DATA FOR THE TASK
*****

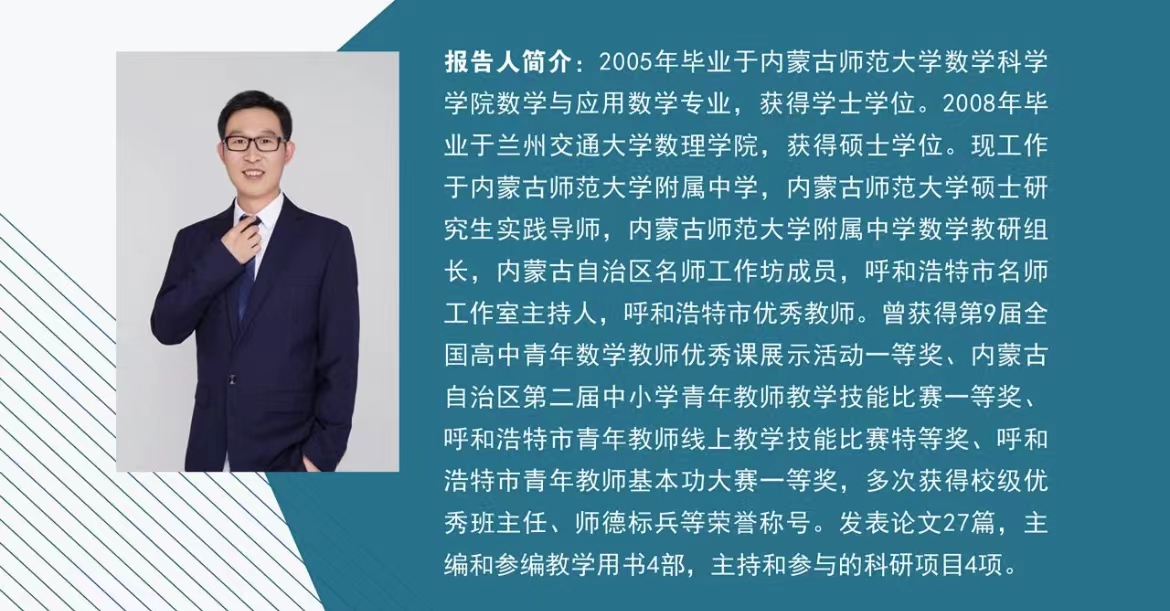 在永利官网70周年校庆的热烈气氛下,为进一步提升我院本科生、研究生教学能力,开拓师范生备课的眼界,以优促优,鼓励我院在校生向优秀校友学习请教,由内蒙古自治区应用数学中心联合yl6809永利检测中心举办的系列讲座——“用艺术的眼光备课”于2022年5月31日(星期二)19:30—22:00在线上开展。
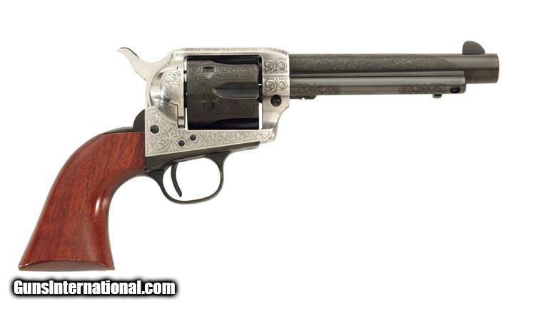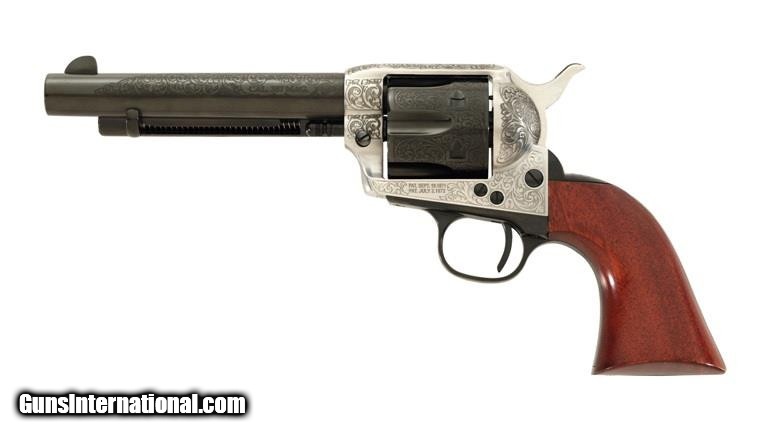 Description: Manufacturer: Taylor's & Co. / Uberti Model: 1873 Cattleman Photo Engraved - Taylor Tuned SKU: 706AWEDE Caliber: .45 Colt Capacity: 6 Rounds Barrel Length: 5.5" Finish: Coin Finish Hardened Frame With Blued Parts Weight: 2.5 lbs Grip: Walnut OAL: 11.10" Sights: Fixed Front Blade, Rear Frame Notch This cattleman is photo engraved and then hand-chased for extra depth at the factory. This particular model features a coin finish forged frame with steel blued parts over an all floral engraving pattern. The revolver comes with smooth walnut grips. SOLD |
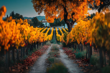 A stunning autumn vineyard scene illuminated by the warm glow of sunset. vibrant golden leaves on grapevines create a vivid contrast against a tranquil countryside backdrop. perfect for nature-inspired wall art and decor. Generative AI
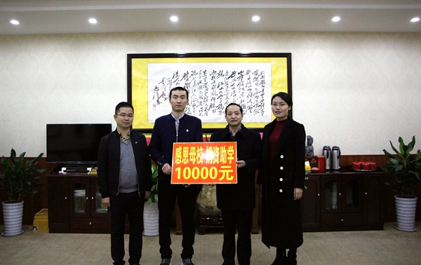 11月21日上午,365集团2011级市场营销专业校友、宁波市德尔隆尼龙有限公司副总经理张旭专程回访母校,看望昔日恩师,并资助贫困学生10000元。学院董事长陈孝云、党委副书记张以亭,经贸系、学生处、团委、宣传处相关负责人参加了捐赠仪式。
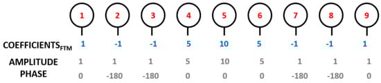 The Fourier transform method (FTM) [9] was used in this array, since this method allows a feed distribution to be found for a set of array elements, so as to achieve a particular radiation pattern. For an odd number of elements (N = 2M + 1), each element feed coefficient can be calculated by the following:
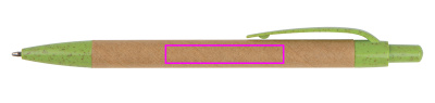 Taaskasutatud papist kuulpliiats, sinise kirjaga täidisega. Kõik rakendused on valmistatud jätkusuutlikust nisuõlest. Trükime teie logo võllile.
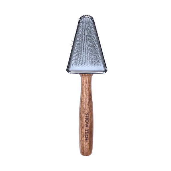 Show Tech Rosewood Extra Life Dliker Triangular, дуже зручна пуходерка, завдяки своїй формі відмінно підходить для роботи в таких зонах, як пахви і за вушками. Також дана модель використовується після купання під час сушіння феном. Працюючи з кучерявою шерстю – розчісуйте її по напрямку росту, а потім проти. Жорстку шерсть – починайте чесати за напрямом, після чого видаліть всі ковтуни і мертві волоски. Ручка виконана з рожевого дерева, зручно лягає в руку і не зісковзує. Основа має трикутну форму з міцного металу. Для кращого результату використовуйте кондиціонер Show Tech. Розмір: 16,5 х 4,5 см. • Розмір робочої поверхні: 4 х 7,8 см. • Довжина зубця: 1,5 см. • Тип зубців: без наконечників.
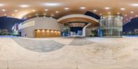 A modern architecture marvel in the heart of Shanghai, China. This community center features an indoor skate park with well-lit skating rinks and steps. The vibrant city life comes alive at night in this urban oasis.
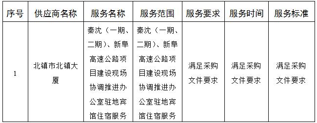 秦沈(一期、二期)、新阜高速公路项目建设现场协调推进办公室驻地宾馆住宿服务成交公告
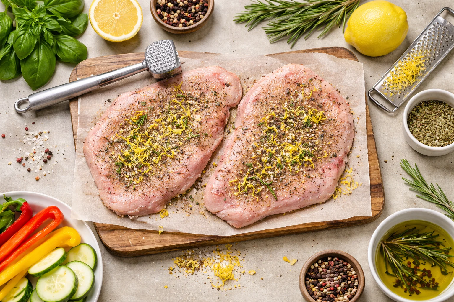 Отбейте мясо, натрите мясо солью, перцем, розмарином, тимьяном и лимонной цедрой.
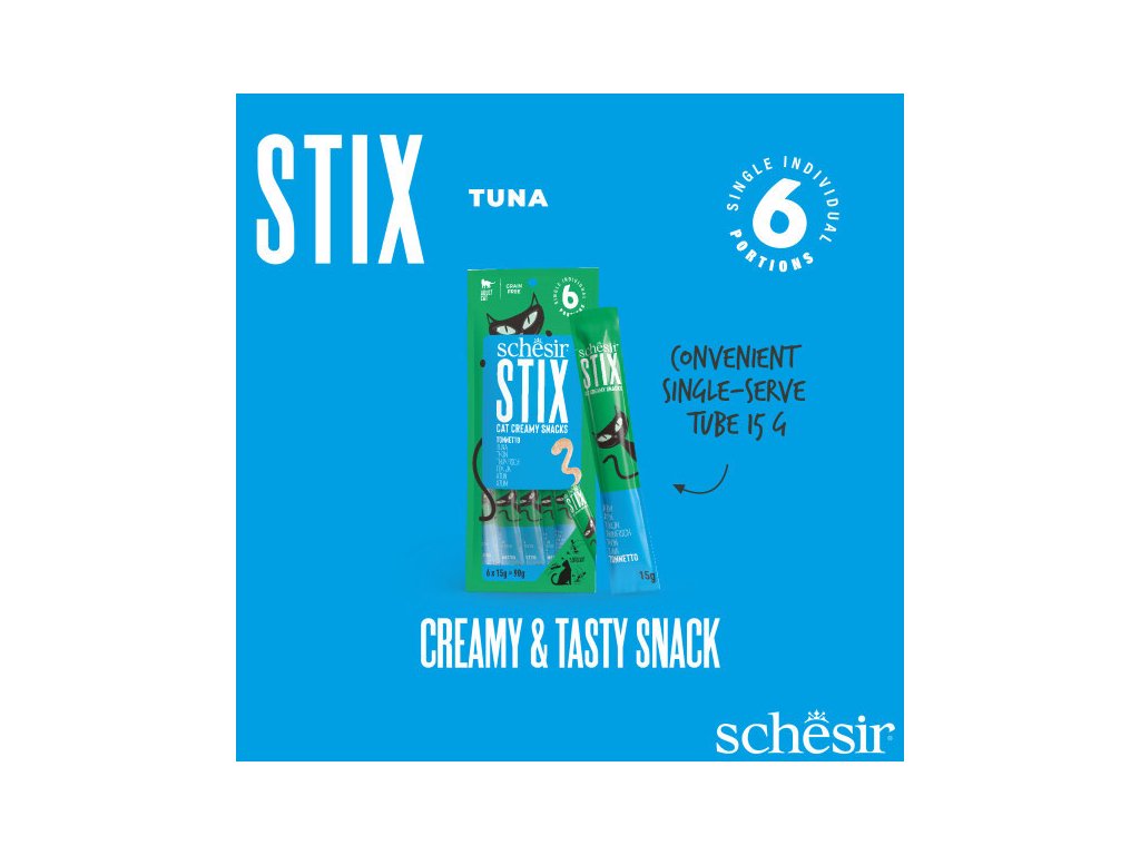 Schesir Cat Stix je rada jemných produktov krémovej textúry vyvinutá k potešeniu a odmeneniu vaší kočky. Zároveň však plní veľmi dôležitú funkciu hydratácie. Je to ideálny snack medzi jedlami plný bielkovín s nízkym obsahom tuku. Tyčinku môžete použiť aj ako topping, čím zvýšite atraktivitu pôvodného jedla. Vhodné pre všetky mačky od 4. mesiaca života.
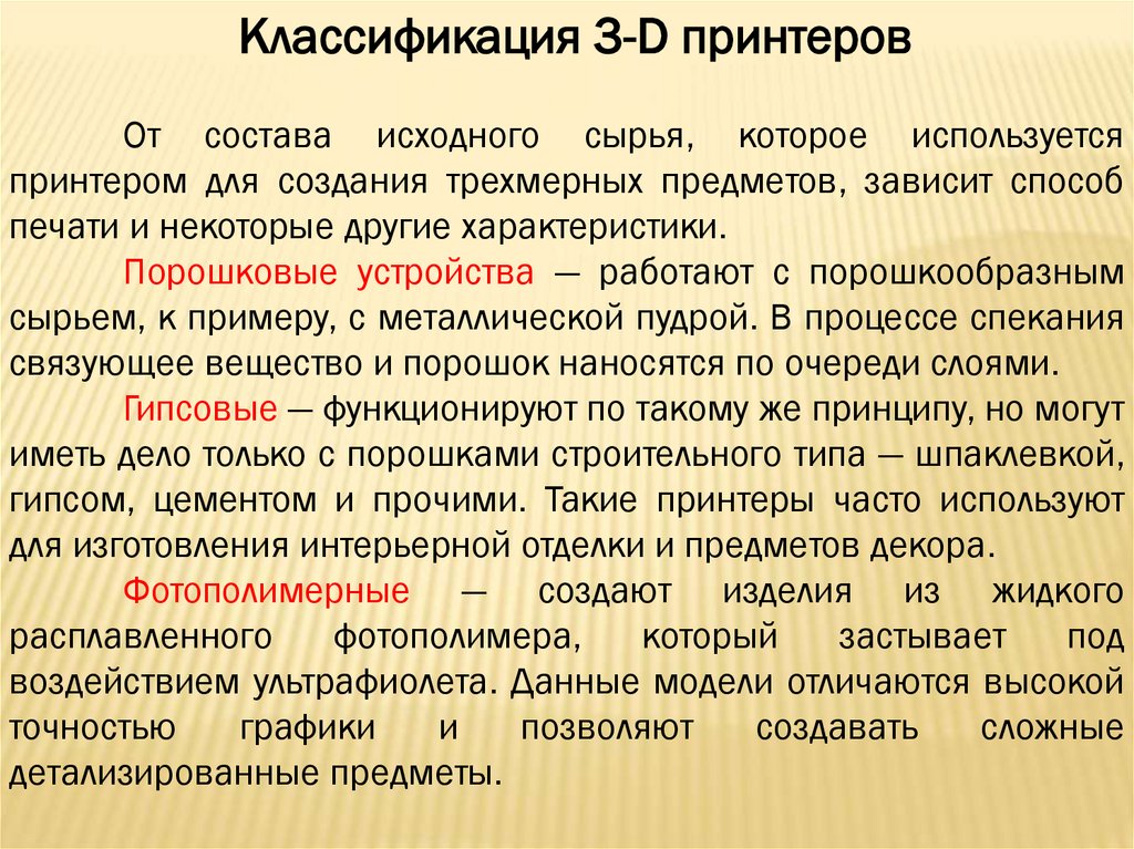 Принципиальные различия между моделями настольковелики, что классифицировать 3D-принтеры можно как
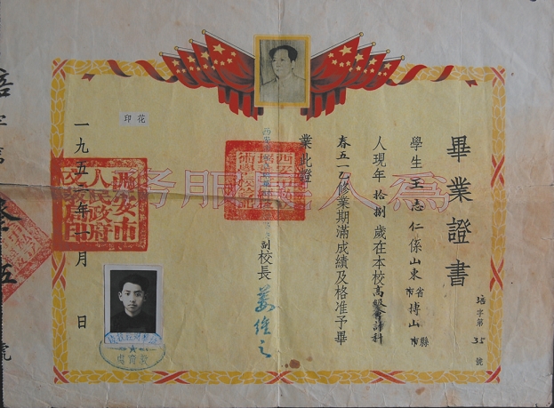 1952年1月,西安市私立培华财经技术学校毕业证书
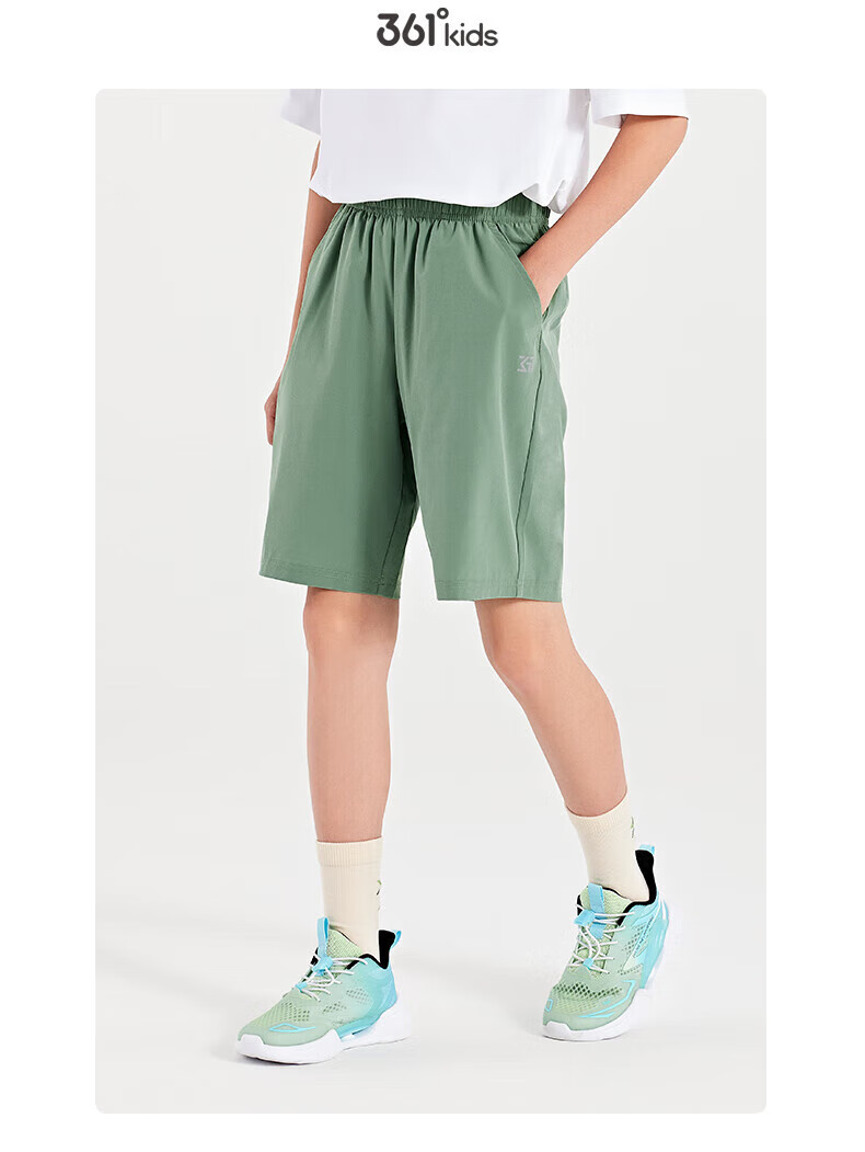 361°童装男女童梭织五分裤夏季新款小中大童运动裤男童短裤 蒙雾绿1702 130
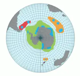 90 cm înălțime, cântărind 11 până la 16 kg, părțile superioare sunt de culoare albastru-gri oțel, se întunecă până la negru pe cap; burta este albă decolorată în portocaliu pe partea superioară a pieptului cu petice de portocaliu aprins la urechi. Ciocul negru este lung și subțire. Mandibula inferioară poate fi roz sau portocaliu. | Se reproduce pe insulele subantarctice între 45° și 55° S, în partea de nord a Antarcticii, precum și Țara de Foc, Insulele Falkland și alte insule temperate ale regiunii. |
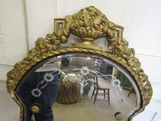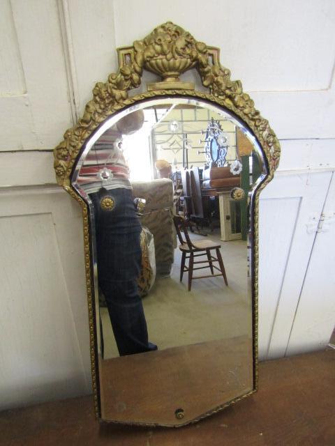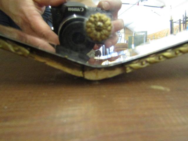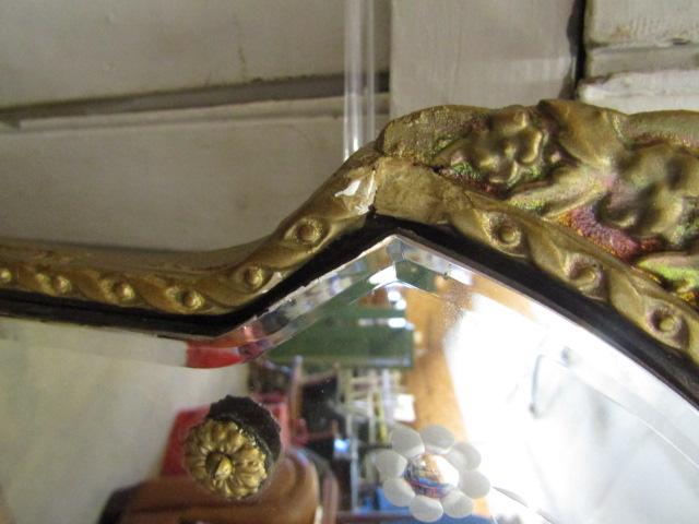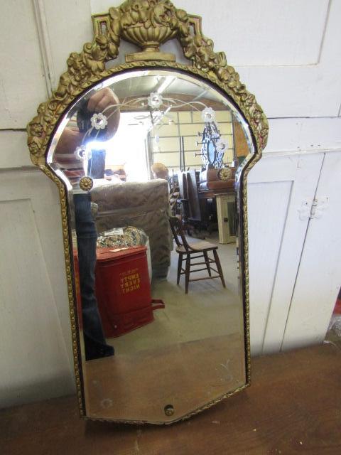 Antique French Decorative Wood Framed Beveled Glass Mirror 28"x14" some missing trim around the frame as shown.
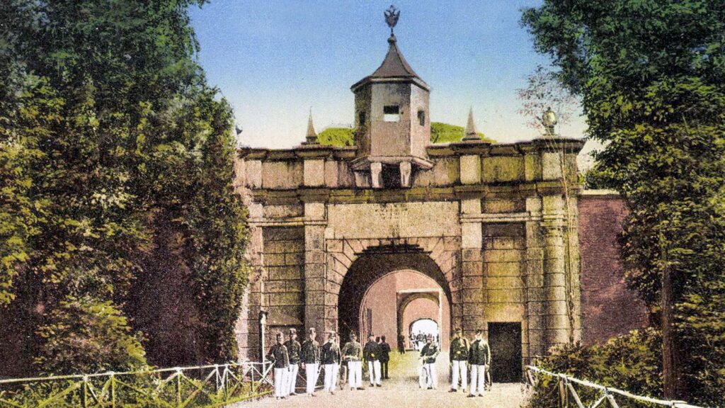A Lipót kapu az úgynevezett Újvár (Neue Festung) bejárata. A kőtábla alapján ezt a részt Habsburg Lipót uralkodása alatt építették 1663-1673 között. A képeslap fényképe a 20. század elején készült, amikor az Osztrák-Magyar Monarchia katonái szolgáltak az erődben.
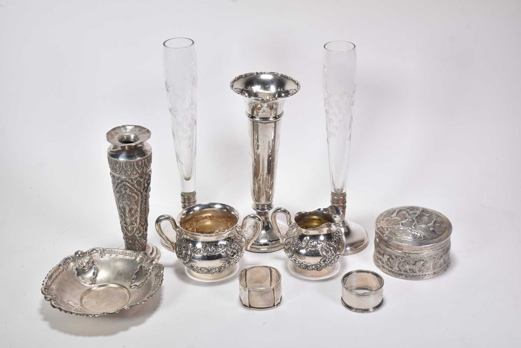 Tray lot of sterling silver and silver-plate including sterling cream and sugar bowl, British sterling 8" vase, Birks napkin ring, Tibetan silver 6 1/4" vase and a lidded box etc.
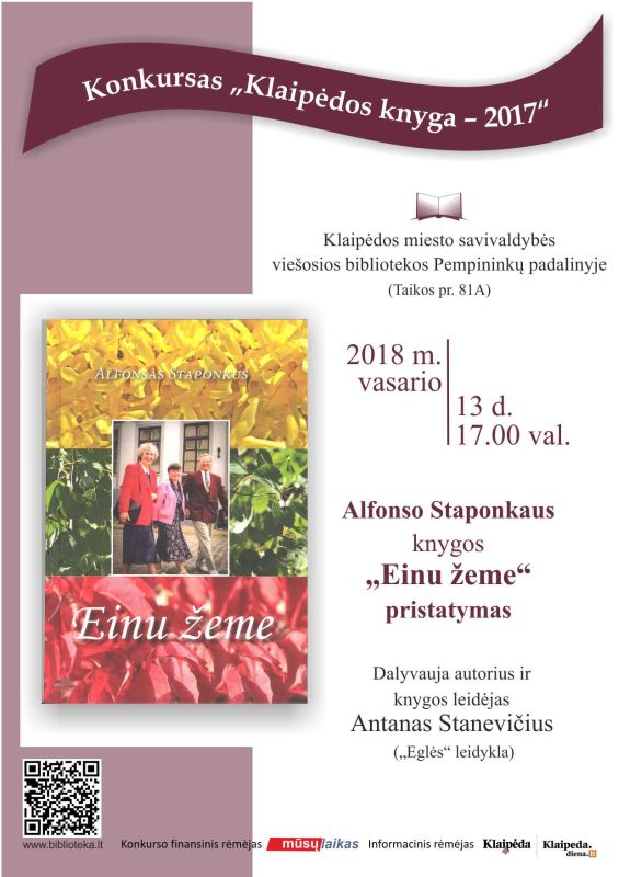 Klaipėdos miesto savivaldybės viešosios bibliotekos Pempininkų padalinyje (Taikos pr. 81A) kviečiame į Alfonso Staponkaus knygos „Einu žeme“ pristatymą.
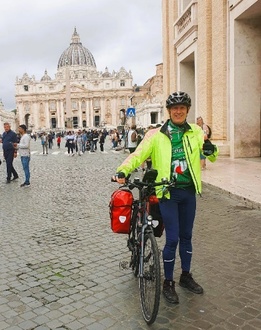 Herausfordernde Passfahrten, schwierige Straßenverhältnisse und Unwetter brachten den 62-jährigen an seine Grenzen und doch endete diese nicht alltägliche Reise mit einem unvergesslichen Gefühl von Glück und Zufriedenheit: der Einfahrt auf den Petersplatz in Rom.
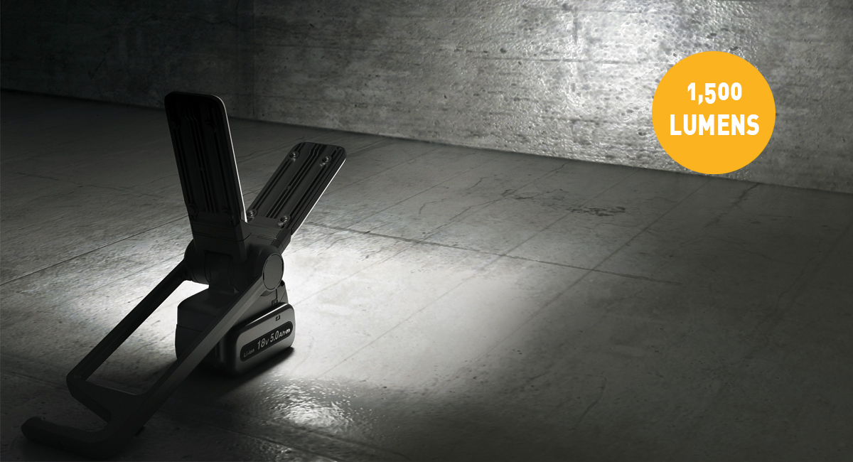 The new versatile, compact and lightweight LED flood light provides bright illumination (1500 lumens) where ever you need it. The flat lighting panels are angle and direction adjustable, ideal for wide peripheral, two-direction or overhead lighting. The brightness can be adjusted to suit different work environments.

*****

TASK GOAL
Please set down exactly the lines from the first line of the data above through the line with "11月21日上午,365集团", both included, leaving out the pictures.

RESPONSE
 在永利官网70周年校庆的热烈气氛下,为进一步提升我院本科生、研究生教学能力,开拓师范生备课的眼界,以优促优,鼓励我院在校生向优秀校友学习请教,由内蒙古自治区应用数学中心联合yl6809永利检测中心举办的系列讲座——“用艺术的眼光备课”于2022年5月31日(星期二)19:30—22:00在线上开展。
 Description: Manufacturer: Taylor's & Co. / Uberti Model: 1873 Cattleman Photo Engraved - Taylor Tuned SKU: 706AWEDE Caliber: .45 Colt Capacity: 6 Rounds Barrel Length: 5.5" Finish: Coin Finish Hardened Frame With Blued Parts Weight: 2.5 lbs Grip: Walnut OAL: 11.10" Sights: Fixed Front Blade, Rear Frame Notch This cattleman is photo engraved and then hand-chased for extra depth at the factory. This particular model features a coin finish forged frame with steel blued parts over an all floral engraving pattern. The revolver comes with smooth walnut grips. SOLD |
 A stunning autumn vineyard scene illuminated by the warm glow of sunset. vibrant golden leaves on grapevines create a vivid contrast against a tranquil countryside backdrop. perfect for nature-inspired wall art and decor. Generative AI
 11月21日上午,365集团2011级市场营销专业校友、宁波市德尔隆尼龙有限公司副总经理张旭专程回访母校,看望昔日恩师,并资助贫困学生10000元。学院董事长陈孝云、党委副书记张以亭,经贸系、学生处、团委、宣传处相关负责人参加了捐赠仪式。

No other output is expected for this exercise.